- TRY IT: Pictures are to be dropped, and only the lines from the one containing "Compared to the" through the end of the data below are to be reproduced as written.

START EXTRACTED INFORMATION

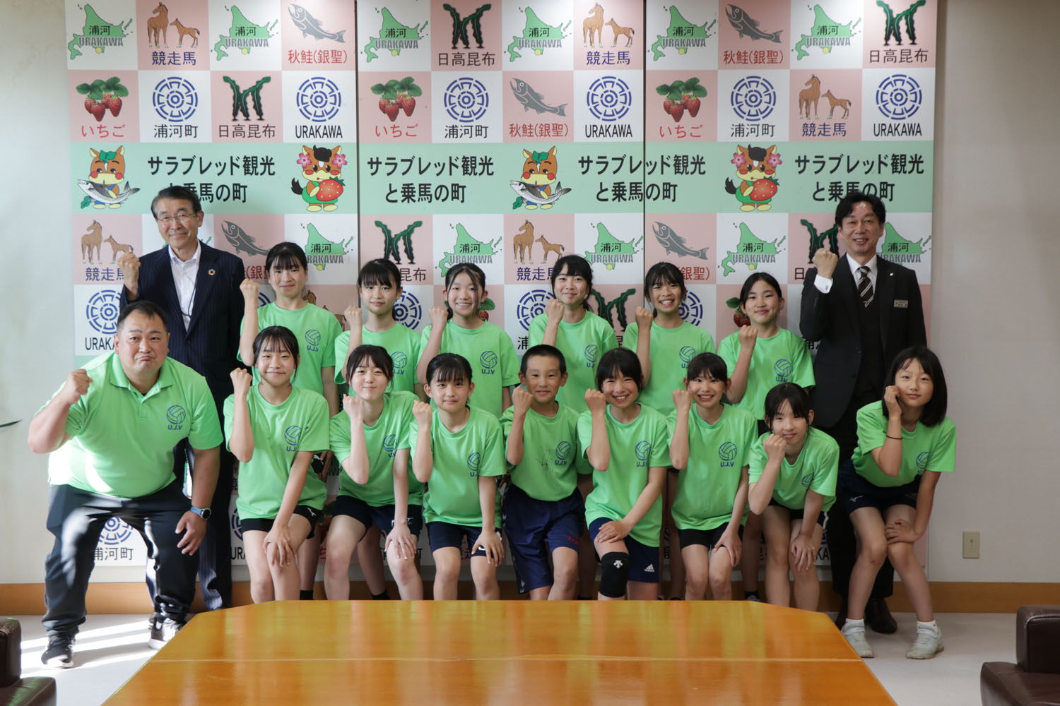 7月5日に札幌市で行われる、令和7年度全日本小学生バレーボール大会南北海道大会に浦河バレーボール少年団(4~6年生14人)が出場を決め、6月18日に池田町長と和田教育長へ表敬訪問を行いました。
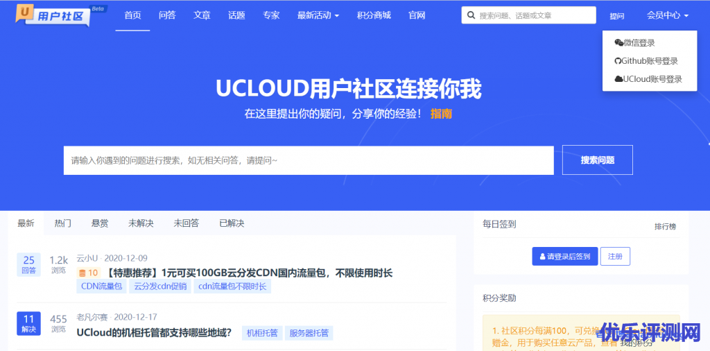 UCloud在去年底就悄悄推出了自家的社区站点:UCloud用户社区,只是没有大范围推广,这里UCloud在全球大促活动页贴出社区,如果用户对他们产品和全球大促有疑问的,可以直接在他们社区发帖询问。社区支持自行注册账号、微信、GitHub账号或UCloud官网账号登录,且设置了积分获取渠道,一定积分可以兑换UCloud账号赠金、产品代金券及周边礼品,老刘一个月内已经用积攒的社区积分兑换了差不多300元赠金,妥妥买了好几个域名~。立即前往
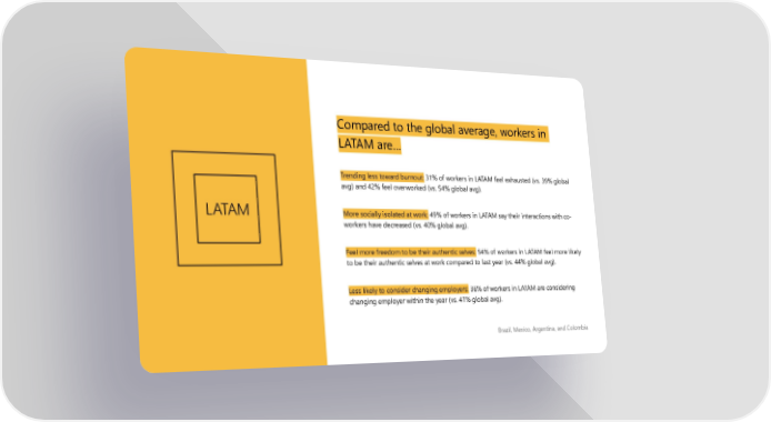 Compared to the global average, workers in LATAM are... Trending less toward burnout: 31% of workers in LATAM feel exhausted (vs. 39% global avg) and 42% feel overworked (vs. 54% global avg). More socially isolated at work: 49% of workers in LATAM say their interactions with co - workers have decreased (vs. 40% global avg). Feel more freedom to be their authentic selves: 54% of workers in LATAM feel more likely to be their authentic selves at work compared to last year (vs. 44% global avg). Less likely to consider changing employers: 36% of workers in LATAM are considering changing employer within the year (vs. 41% global avg). LATAM Brazil, Mexico, Argentina, and Colombia
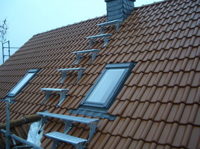 Sie sehen ein Ziegeldach mit zwei Velux Dachfenster, sowie einer Laufanlage für den Schornsteinfeger
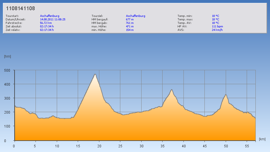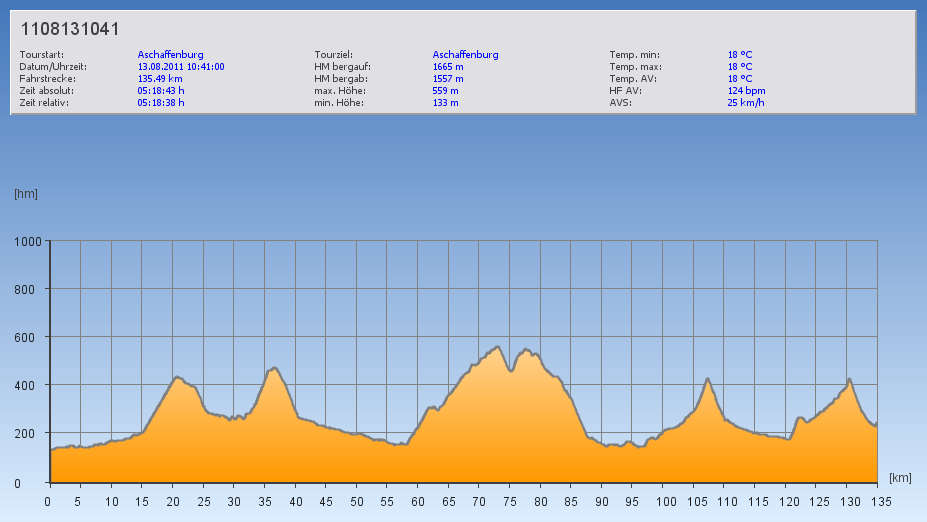 Am Sonntag spürte ich nichts mehr von den Schmezen und fuhr deswegen mit dem Rad nach Hause. Zunächst lief es prima. Am Main radelte ich bis Collenberg und überquerte dann, da bis hierher immer noch schmerzfrei, den „Col du Col“. Doch bei diesem Anstieg begann es schon wieder zu zwicken. Ich wollte mir meine Schwäche aber nicht eingestehen und fuhr weiter über Heimbuchenthal, Volkersbrunn, Soden und Gailbach. Naja, mit Voltaren ging es irgendwie. Wie ich allerdings in zwei Wochen 240 Kilometer und 5.500 Höhenmeter überstehen soll, ist mir im Moment noch ein Rätsel…

END EXTRACTED INFORMATION

- WORKED SOLUTION:
 Compared to the global average, workers in LATAM are... Trending less toward burnout: 31% of workers in LATAM feel exhausted (vs. 39% global avg) and 42% feel overworked (vs. 54% global avg). More socially isolated at work: 49% of workers in LATAM say their interactions with co - workers have decreased (vs. 40% global avg). Feel more freedom to be their authentic selves: 54% of workers in LATAM feel more likely to be their authentic selves at work compared to last year (vs. 44% global avg). Less likely to consider changing employers: 36% of workers in LATAM are considering changing employer within the year (vs. 41% global avg). LATAM Brazil, Mexico, Argentina, and Colombia
 Sie sehen ein Ziegeldach mit zwei Velux Dachfenster, sowie einer Laufanlage für den Schornsteinfeger
 Am Sonntag spürte ich nichts mehr von den Schmezen und fuhr deswegen mit dem Rad nach Hause. Zunächst lief es prima. Am Main radelte ich bis Collenberg und überquerte dann, da bis hierher immer noch schmerzfrei, den „Col du Col“. Doch bei diesem Anstieg begann es schon wieder zu zwicken. Ich wollte mir meine Schwäche aber nicht eingestehen und fuhr weiter über Heimbuchenthal, Volkersbrunn, Soden und Gailbach. Naja, mit Voltaren ging es irgendwie. Wie ich allerdings in zwei Wochen 240 Kilometer und 5.500 Höhenmeter überstehen soll, ist mir im Moment noch ein Rätsel…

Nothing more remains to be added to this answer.